PROVIDED MATERIAL >>
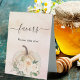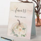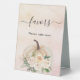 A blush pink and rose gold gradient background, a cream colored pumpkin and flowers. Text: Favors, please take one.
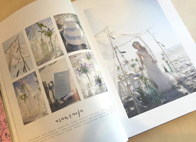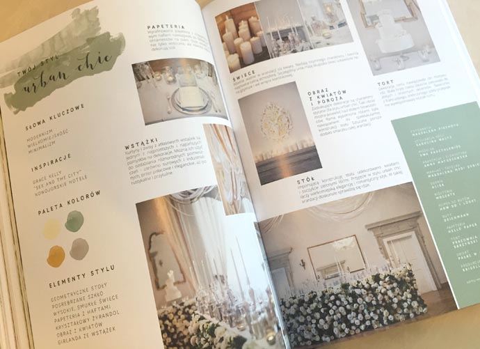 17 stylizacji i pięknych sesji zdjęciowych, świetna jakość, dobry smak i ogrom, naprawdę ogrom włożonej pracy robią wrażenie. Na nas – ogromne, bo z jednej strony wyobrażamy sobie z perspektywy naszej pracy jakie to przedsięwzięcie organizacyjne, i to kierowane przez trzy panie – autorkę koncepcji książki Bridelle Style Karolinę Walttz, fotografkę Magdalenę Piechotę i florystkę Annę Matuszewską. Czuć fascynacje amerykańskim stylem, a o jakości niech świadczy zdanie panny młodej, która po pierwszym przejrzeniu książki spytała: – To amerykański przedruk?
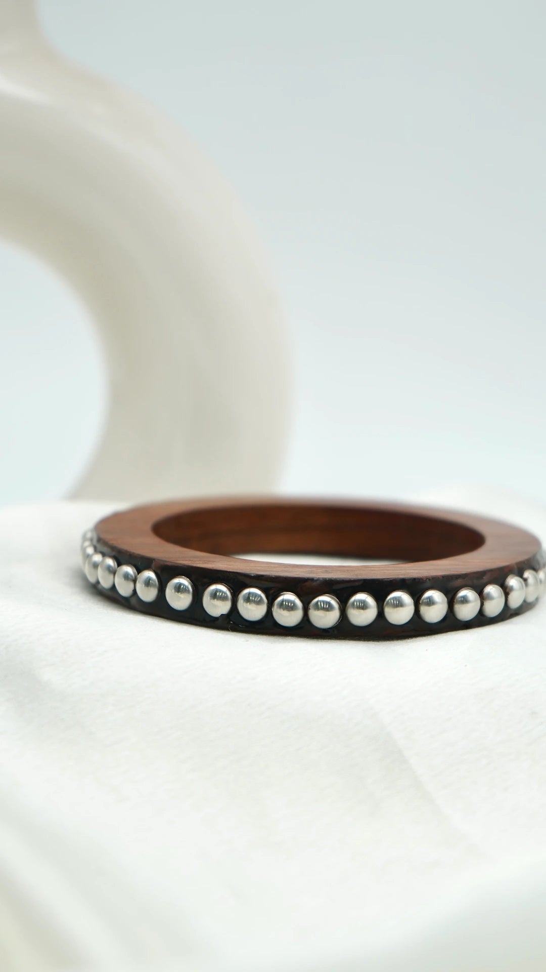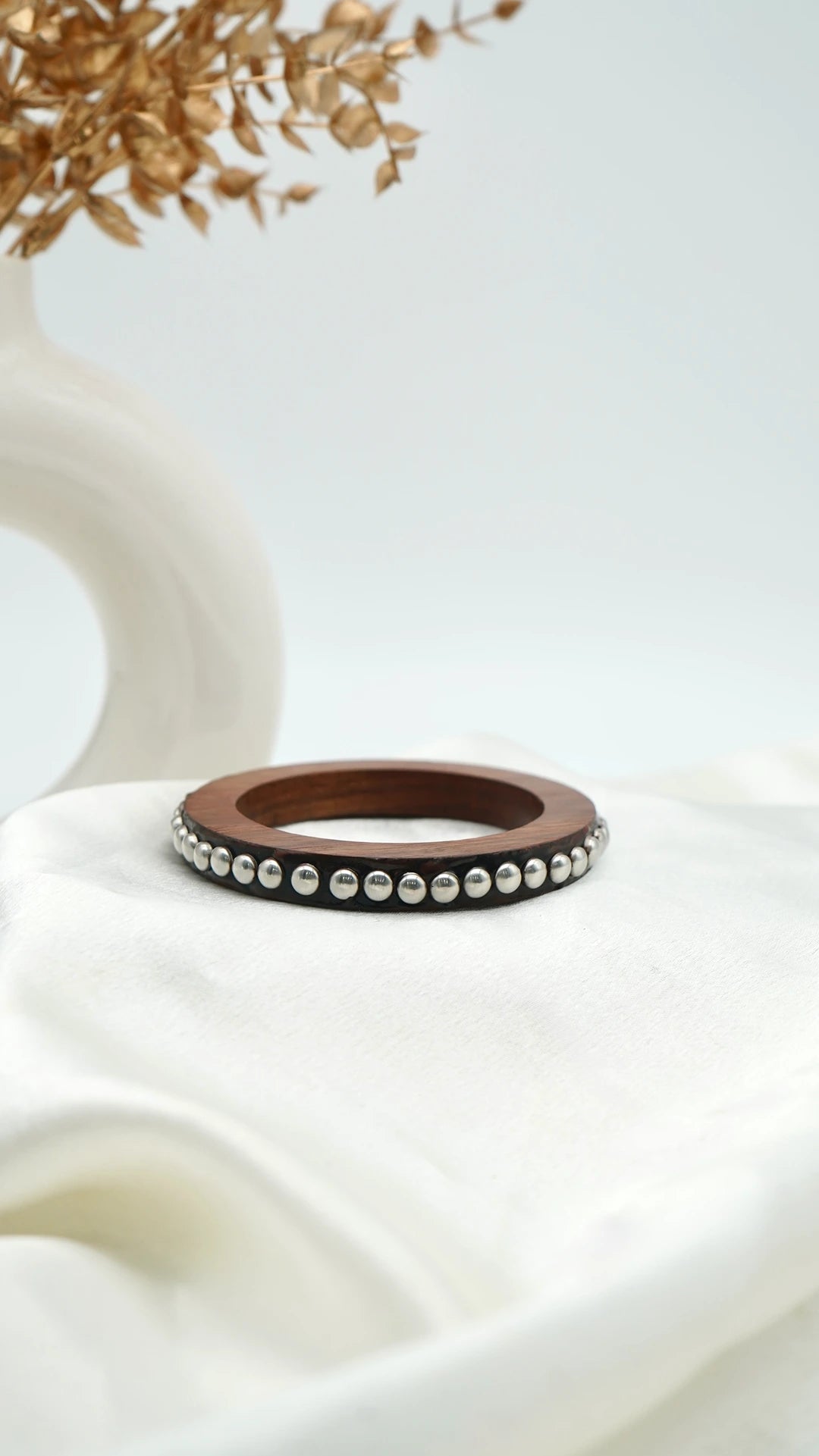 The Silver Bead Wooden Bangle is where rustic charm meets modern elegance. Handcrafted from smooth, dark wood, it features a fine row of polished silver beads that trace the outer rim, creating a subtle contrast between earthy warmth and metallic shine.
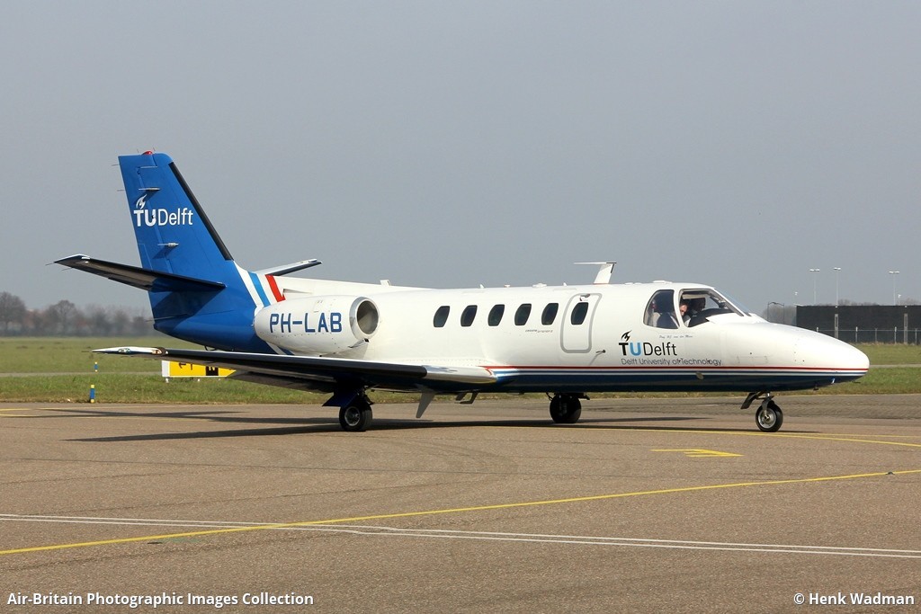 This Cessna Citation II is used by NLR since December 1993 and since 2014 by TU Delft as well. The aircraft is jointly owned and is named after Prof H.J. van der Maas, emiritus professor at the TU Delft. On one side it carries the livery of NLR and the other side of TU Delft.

WORK TO COMPLETE >> Where a picture appears, omit it; otherwise reproduce each line above from the first to the one with "17 stylizacji i", inclusive.

SOLUTION TO THIS TASK >>
 A blush pink and rose gold gradient background, a cream colored pumpkin and flowers. Text: Favors, please take one.
 17 stylizacji i pięknych sesji zdjęciowych, świetna jakość, dobry smak i ogrom, naprawdę ogrom włożonej pracy robią wrażenie. Na nas – ogromne, bo z jednej strony wyobrażamy sobie z perspektywy naszej pracy jakie to przedsięwzięcie organizacyjne, i to kierowane przez trzy panie – autorkę koncepcji książki Bridelle Style Karolinę Walttz, fotografkę Magdalenę Piechotę i florystkę Annę Matuszewską. Czuć fascynacje amerykańskim stylem, a o jakości niech świadczy zdanie panny młodej, która po pierwszym przejrzeniu książki spytała: – To amerykański przedruk?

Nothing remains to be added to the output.